Removed testing on FPGA Emulator as a step towards our strategy to drop FPGA support. Starting with this release there is no guarantee that FPGA-specific features continue to work.
Docker images containing nightly builds are not provided anymore, but we still provide Dockerfiles so you can build those images yourself.
Fixed OCL CPU Runtime installation script leaving incorrect permissions on a system folder.

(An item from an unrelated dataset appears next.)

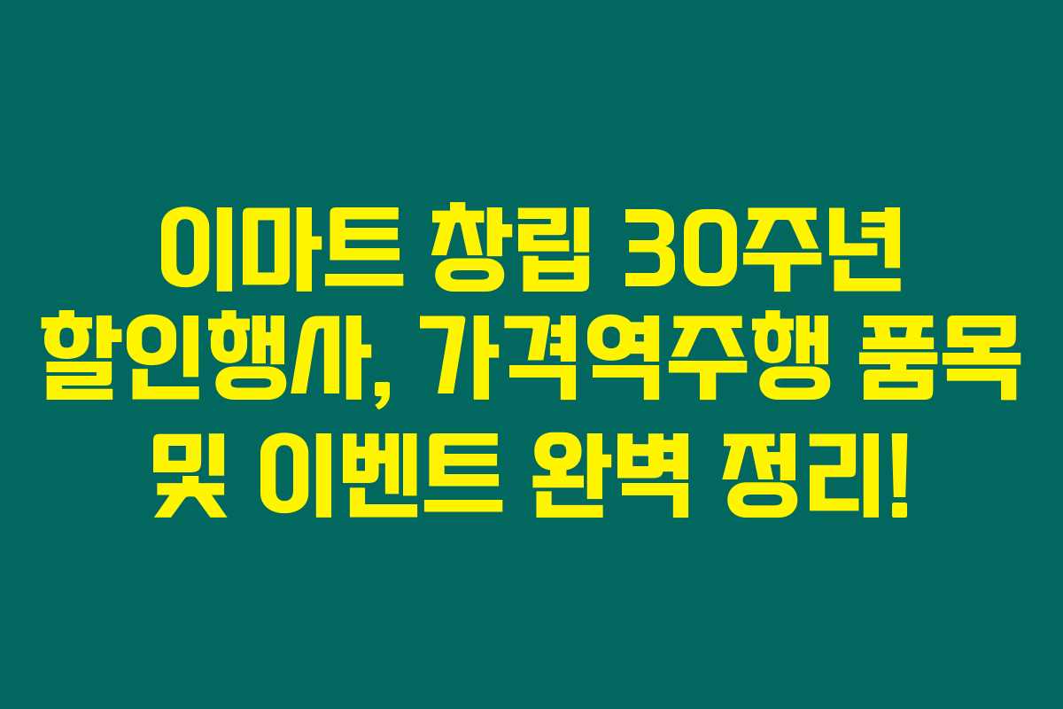 이번 이마트 창립 30주년 할인행사는 여러분의 장바구니를 더욱 가볍게 만들어줄 기회입니다. 놓치면 후회할 찬스를 적극 활용해 보세요! 여러분의 지갑을 기쁘게 만들어줄 이번 할인행사를 꼭 활용하시기 바랍니다!

Known Issues and Limitations

SYCL:

SYCL headers use unreserved identifiers which sometimes cause clashes with user-provided macro definitions. Known identifiers include: G, VL.
When using sycl_ext_oneapi_matrix extension it is important for some devices to use the sm version (Compute Capability) corresponding to the device that will run the program. This particularly affects matrix operations using half data type.
C/C++ math built-ins (like exp or tanh) can return incorrect results on Windows for some edge-case input. The problems have been fixed in the SYCL implementation, and the remaining issues are thought to be in MSVC.
There are known issues and limitations in virtual functions functionality, such as:
- Optional kernel features handling implementation is not complete yet.
- AOT support is not complete yet.
- A virtual function definition and definitions of all kernels using it must be in the same translation unit. Please refer to sycl/test-e2e/VirtualFunctions to see the list of working and non-working examples.

OpenMP:

Some OpenMP spir64 offload programs compiled with -O0 -g may result in a segfault failure at runtime. Workaround: compile the program without -g, or compile it with -O2 -g.
For OpenMP spir64 offload, the memory-order and memscope clauses of the flush construct are silently ignored and the default (more conservative but correct) values of seq_cst/device are used for now.

Unified Runtime:

On Windows, the Unified Runtime's Level Zero leak check does not work correctly with the default contexts on Windows. This is because on Windows the release of the plugin DLLs races against the release of static global variables (like the default context).

Intel® Graphics Compiler:

The Vector Compute backend does not support -O0 code and often gets miscompiles, producing wrong answers and crashes. This issue directly affects ESIMD code at -O0. As a temporary workaround, the ESIMD code is optimized even in -O0 mode.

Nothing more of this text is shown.